米国雇用統計は日本経済にどのような影響を及ぼすか?

日本時間の昨夜、米国の労働省から6月の米国雇用統計が発表されました。米国におけるマクロの景気動向を探る上で、米国の中央銀行である連邦準備制度理事会 (FED) も金融政策運営の観点からもっとも重視している経済指標のひとつです。統計のヘッドラインとなる非農業部門雇用者数は季節調整済みの系列で前月から+195千人増加した一方で、失業率は前月から変わらずの7.6パーセントを記録しました。まず、New York Times のサイトから記事を最初の10パラ引用すると以下の通りです。

U.S. Adds 195,000 Jobs; Unemployment Remains 7.6%
The economy added 195,000 jobs in June, the Labor Department reported Friday morning, slightly more than analysts had been expecting and suggesting steady growth.
Wall Street has been feverishly awaiting the June employment report. Not only does it provide another indicator of overall economic strength, it also affects the timing of the Federal Reserve's decision to start tapering a major part of its stimulus efforts.
A strong report increases the likelihood the central bank will start pulling back on its bond purchases as early as September, a prospect that has made some investors more cautious in recent weeks. On the other hand, signs of weakness in the labor market would likely prolong the Fed's program of purchasing $85 billion in bonds per month.
Along with job creation, the Fed is closely watching unemployment levels. The unemployment rate, which is based on a separate survey from the one that tracks jobs, remained at 7.6 percent, unchanged from May.
The chairman of the Federal Reserve, Ben S. Bernanke, said two weeks ago he anticipated the bond-buying program would wrap up when the unemployment rate sinks to 7 percent. The Fed estimates that could happen by the middle of next year.
Despite signals from the Fed that the labor market is strong enough to handle a reduction in the stimulus, the pace of job creation has slowed in recent months.
Over the course of March, April and May, the economy added jobs at an average rate of 155,000 a month, down from the 233,000-a-month pace that prevailed in December, January and February.

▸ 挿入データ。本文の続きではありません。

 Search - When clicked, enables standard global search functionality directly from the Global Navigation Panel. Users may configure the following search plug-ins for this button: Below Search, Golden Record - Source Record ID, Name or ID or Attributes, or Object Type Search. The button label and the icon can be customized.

While the economy has held up better than some analysts had expected in the face of tax increases and automatic cuts in federal spending this year, overall growth has been tepid. The economy grew at an annual rate of 1.8 percent in the first quarter, short of what's needed to quickly lower the unemployment rate or reduce the ranks of the jobless.

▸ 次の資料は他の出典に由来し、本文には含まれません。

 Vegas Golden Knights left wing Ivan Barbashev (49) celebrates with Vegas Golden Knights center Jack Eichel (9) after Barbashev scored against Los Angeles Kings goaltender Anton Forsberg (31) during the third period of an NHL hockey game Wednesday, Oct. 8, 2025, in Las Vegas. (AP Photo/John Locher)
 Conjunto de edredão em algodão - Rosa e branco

Another factor holding back strong job growth has been a steady drop in public employment. In June, private employers added 202,000 positions, while state, local and federal governments shed 7,000 workers.
The manufacturing sector, often viewed as a barometer for the broader economy, lost 6,000 positions in June. Employment in the construction sector, which has been volatile, rose by 13,000.

引用した記事は昨夜の時点での第1報のバージョンですから、現時点では差し替えられている可能性があります。悪しからず。続いて、いつもの米国雇用統計のグラフは下の通りです。上のパネルは非農業部門雇用者数の前月差増減の推移とそのうちの民間部門、下のパネルは失業率です。いずれも季節調整済みの系列であり、影をつけた部分は景気後退期です。全体の雇用者増減とそのうちの民間部門は、2010年のセンサスの際にかなり乖離したものの、その後は大きな差は生じていません。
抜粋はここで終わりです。